# Large quantity of silver solder on carbide



## snoman701 (Oct 9, 2016)

I have a large quantity of silver solder that is attached to tungsten carbide inserts. 

Composition of the silver solder should be at least 50% silver, with base metals. This is all modern, and cadmium has went out of favor due to inherent dangers in the manufacturing process of this tooling. 

From what I've read, it appears that cementing of silver nitrate via copper electrode is the most economical process, even with AP and reverse plating options that exist. The AP or reverse plating could then be used to further refine the silver if cadmium was present in the cemented silver.

I just want to make sure that my searches and research is correct.


----------



## FrugalRefiner (Oct 9, 2016)

Welcome to the forum. 

You've got more research to do. AP is not used with silver. It is a chloride based leach, and is not useful with silver. Reverse plating, or stripping, is typically used to remove gold plating from objects, though it could be used on silver plating, but that's not what you have.

Let us know what a "large quantity" is (ounces, pounds, tons) and exactly what state it is in right now and we may be able to help. Pictures of your material would probably be helpful.

Dave


----------



## snoman701 (Oct 9, 2016)

Sorry, too much reading for one night, everything blurred together. A couple of people had built cells for further purifying silver in a silver nitrate electrolyte. Given that the tungsten carbide would be largely non-reactive, I wasn't sure if it might actually be a reasonable process...but the unknowns in solder could very well pose a problem and bugger up the electrolyte solution. 

Michigan

I'll say I'm in the pounds category for now. But I have been disposing of the silver solder with the carbide scrap. It wasn't until recently that I realized that the silver is of appreciable quantity.

I've also got a bucket full of silver contacts from motor starters...not little ones, these are the ones that are at least dime sized, and usually 3/4" square, 1/16-1/8" thick and soldered on copper bus. I fully expect these to have cadmium.


----------



## FrugalRefiner (Oct 9, 2016)

That "blurred together" period is typical of the learning curve. We've all gone through it. Keep studying and it all starts to come into focus.

Silver cells are used for the final purification of silver. There are usually two steps in dealing with precious metals; recovery and refining. Recovery processes allow you to separate the precious metals from _most_ of the base metals.

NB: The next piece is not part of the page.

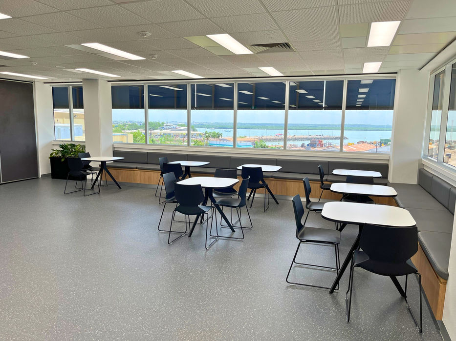 To deliver a contemporary workplace for Norstra in Darwin’s outer CBD, the fit out balances boldness and warmth through a refined material palette. Rich wood tones, deep blues and soft greys come together to create a cohesive environment that inspires productivity and supports a calm, collaborative atmosphere.
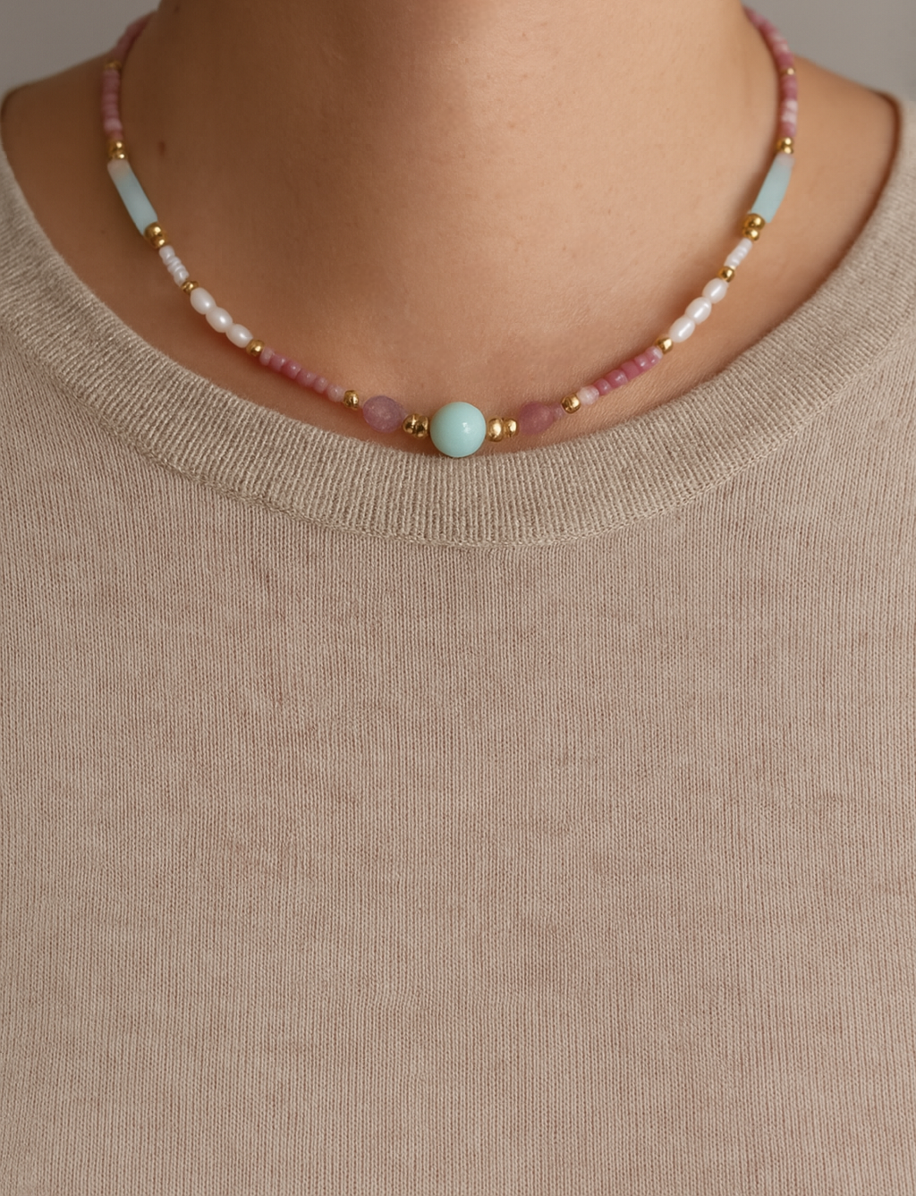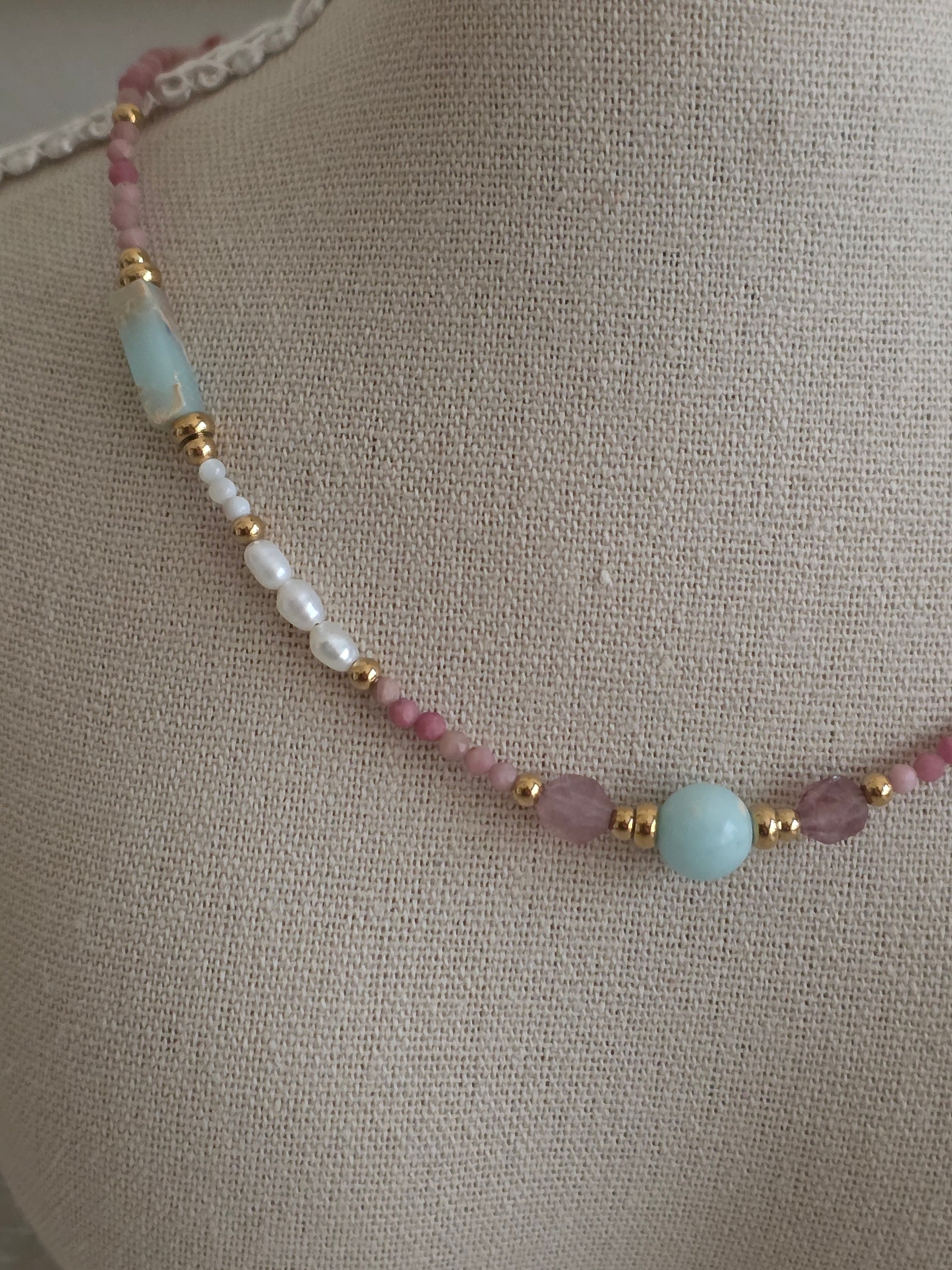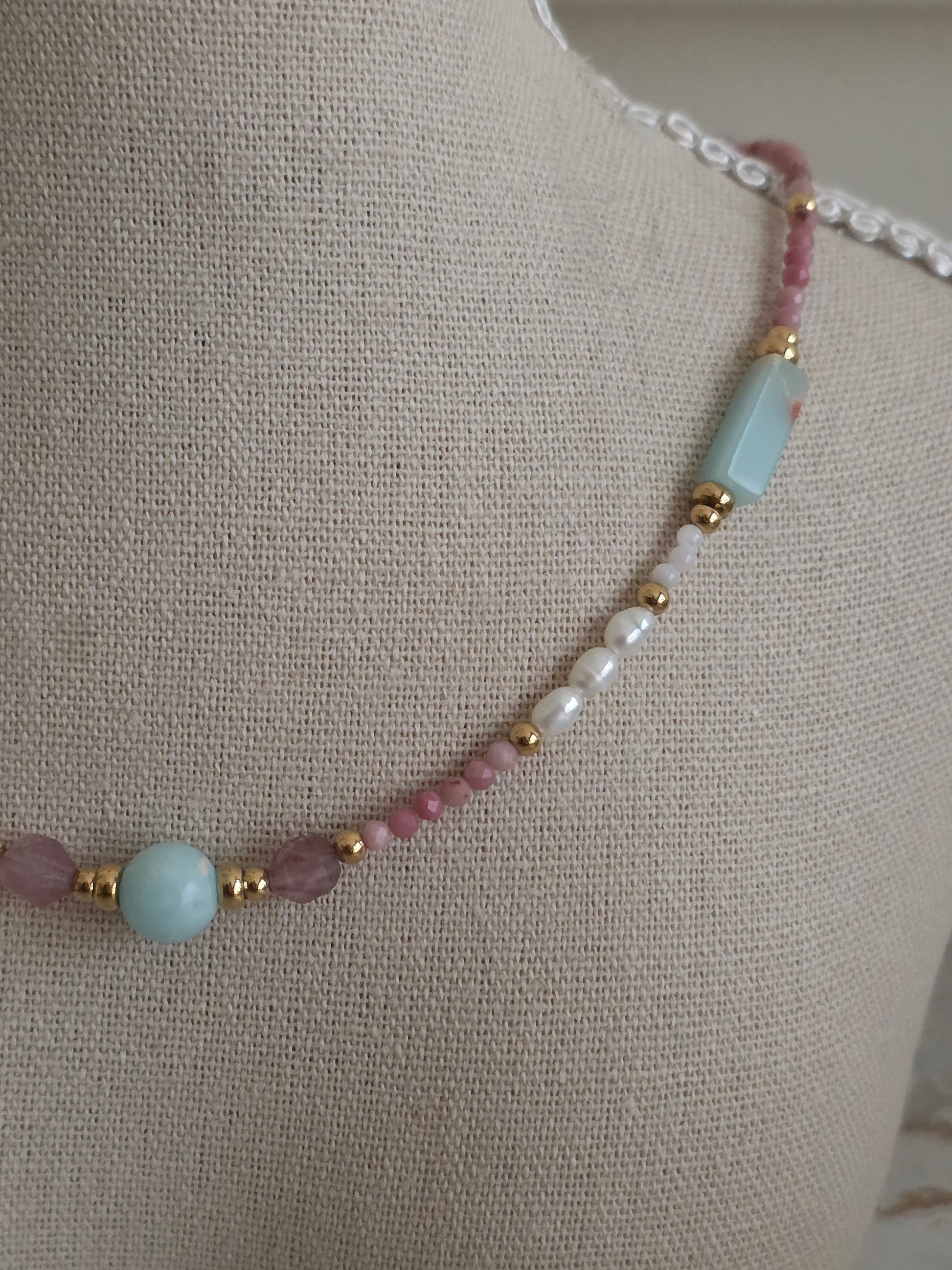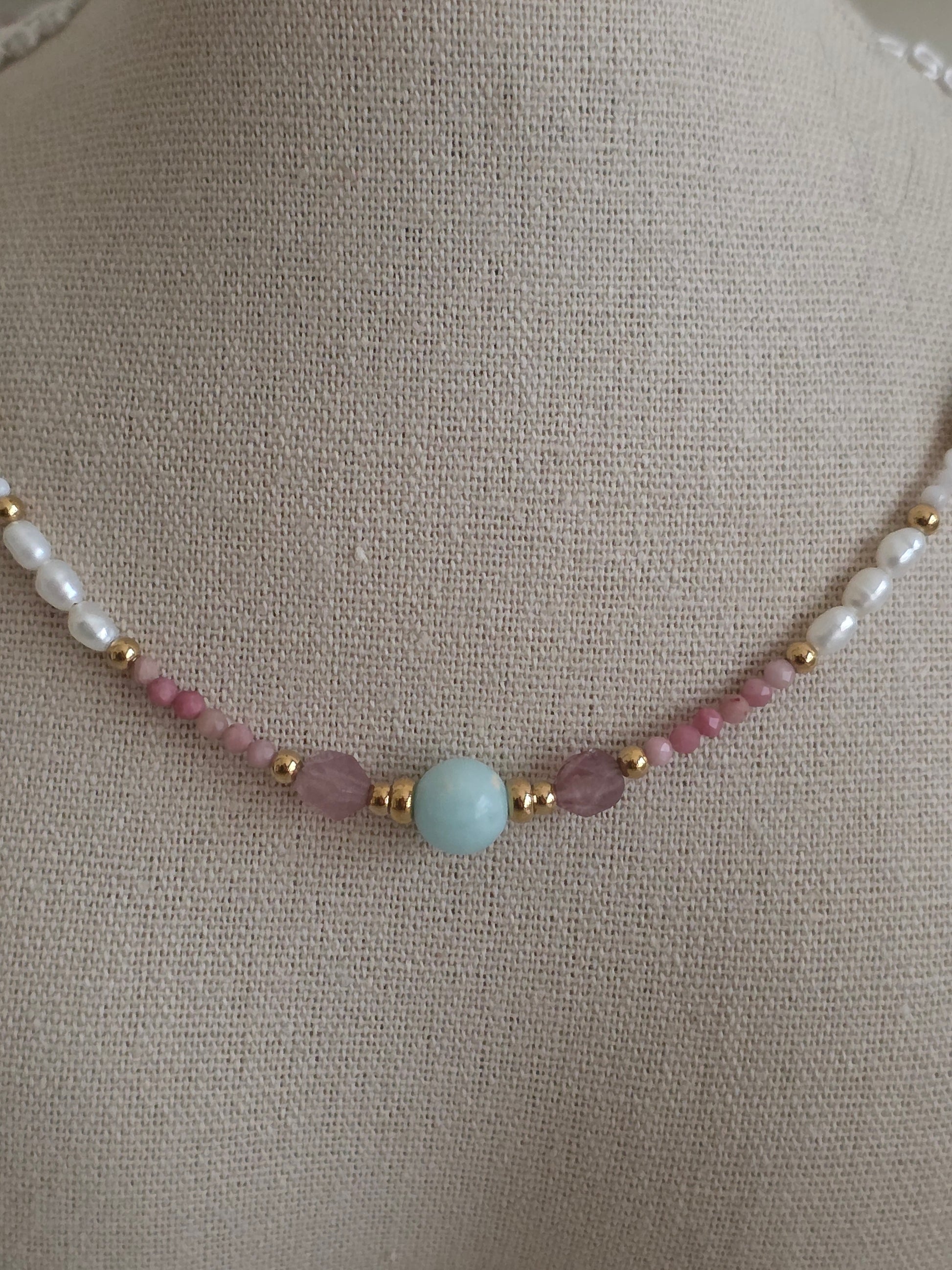 A soft blend of elegance and earthiness, this handcrafted necklace features soothing Amazonite stones, delicate freshwater pearls, and rosy Rhodochrosite beads, all accented with gold-toned details. The perfect piece to add a touch of calm colour and natural charm to your everyday look or special moments.

Refining processes take the recovered metals to a high state of purity.

Silver contacts come in many varieties. Some can be separated from the copper bus by simply heating with a torch till the solder melts, but if there is cadmium involved they should NOT be heated this way. There is much to read here. Start with the Safety section. Read everything in the Silver section. Be sure you know how to properly deal with your waste before you start any of the processes here.

Dave


----------



## goldsilverpro (Oct 9, 2016)

As I understand it, WC parts are made using powder metallurgy techniques. Either molten cobalt or nickel is used as a binder to glue the WC particles together. Ideally, it would be great to use nitric acid to dissolve the silver and then cement it with copper. However, although the WC is not attacked by nitric alone (it requires hot HF/HNO3 to dissolve the WC), the Co or Ni binder is attacked. I assume the nitric would leach out at least some of the Co or Ni, resulting in some of the WC being in a heavy powder form. Very small scale experimentation would be required to test this. I would probably start experimenting with a weak HNO3 (say, 25% by volume) at room temp and go from there. I would think the less Co or Ni dissolved, the better this would work. The only problems that I can see with the WC powder is that it might interfere with the filtering or it might pack tight around the parts and stifle the acid exchange. In production, a bucket with holes in it inside of a larger bucket might work well. That would provide a good solution exchange when you occasionally move it up and down. The WC has a density of 15.6 and should settle rapidly. 

Cyanide would dissolve the silver braze without affecting the solid WC. About 20 years ago, near my hometown in rural Missouri, a guy was using cyanide to recover silver from carbide coal mining bits. He had many drums of these and got them somewhere in Arkansas. I don't know the exact process he used but he ended up dying of cyanide poisoning. I can think of several ways, both leaching and electrolytic, to use the cyanide safely.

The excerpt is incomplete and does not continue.